**WHAT YOU NEED TO DO**
With the images removed, write out every line below exactly.

**AVAILABLE DATA**
---+---

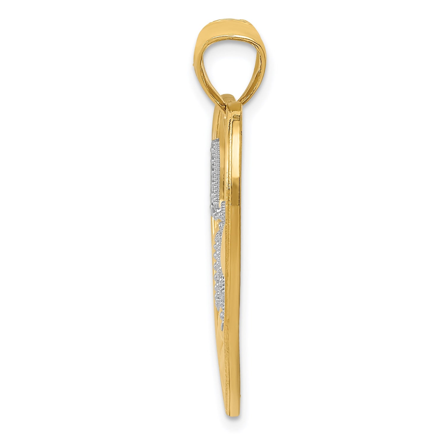 14k Multi-Tone Gold Heart Pendant with Textured Rhodium LOVE Script and Floating Accents
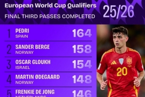 體育資訊10月15日訊 Squawka列出了歐洲世預賽進攻三區(qū)成功傳球排名,西班牙中場佩德里居首。
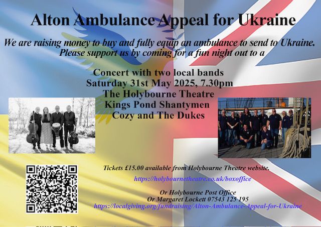 Also we are trying to raise money to send a fully equipped ambulance to Ukraine. There is a fund raising concert on May 31st in Holybourne theatre. 2 bands are performing free of charge. Tickets can be bought from the village shop or online from the theatre. Please help us by spreading the word especially to people not in this group

---+---

**RESULT BELOW**
 14k Multi-Tone Gold Heart Pendant with Textured Rhodium LOVE Script and Floating Accents
 體育資訊10月15日訊 Squawka列出了歐洲世預賽進攻三區(qū)成功傳球排名,西班牙中場佩德里居首。
 Also we are trying to raise money to send a fully equipped ambulance to Ukraine. There is a fund raising concert on May 31st in Holybourne theatre. 2 bands are performing free of charge. Tickets can be bought from the village shop or online from the theatre. Please help us by spreading the word especially to people not in this group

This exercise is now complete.